Yunpeng Liu
2025
MetaMixSpeech: Meta Task Augmentation for Low-Resource Speech Recognition
Yaqi Chen
|
Hao Zhang
|
Wenlin Zhang
|
XuKui Yang
|
Dan Qu
|
Yunpeng Liu
Findings of the Association for Computational Linguistics: EMNLP 2025
Meta-learning has proven to be a powerful paradigm for effectively improving the performance of low-resource speech recognition by learning generalizable knowledge across multiple tasks. However, multilingual meta learning also faces challenges such as task overfitting and learner overfitting, thereby reducing its ability to generalize to new tasks.

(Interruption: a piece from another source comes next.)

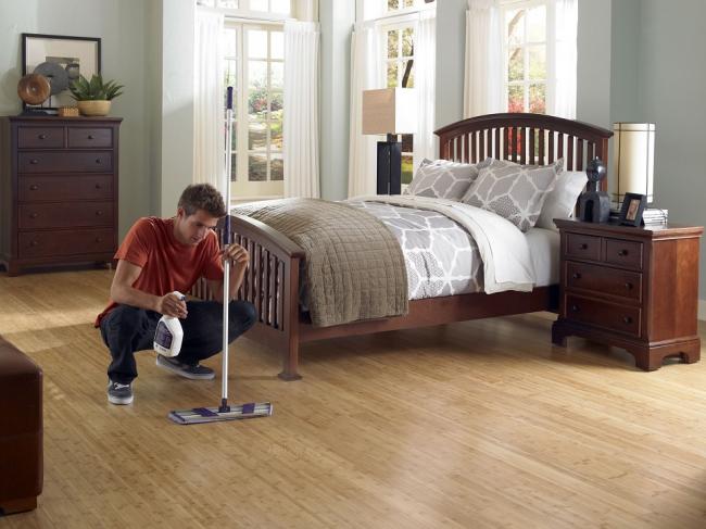 Матовый ламинат загрязняется значительно быстрее. Для ухода за ним приобретите спрей. Он легко удаляет грязь. Если делаете влажную уборку, в конце протирайте пол сухой тряпкой.

To address these issues, we augment the meta-training task with “more data” during both training and evaluation phases. Concretely, we propose an interpolation-based task augmentation method called MetaMixSpeech, which includes both support augmentation and query augmentation. MetaMixSpeech enhances task diversity by linearly combining perturbed features from the support and query sets and performing the same linear interpolation on their corresponding losses. Experimental results on the FLEURS and Common Voice datasets demonstrate that MetaMixSpeech achieves a 6.35 % improvement in Word Error Rate (WER) compared to meta-learning approaches, effectively mitigating the overfitting problem and showcasing superior generalization across diverse datasets and language families.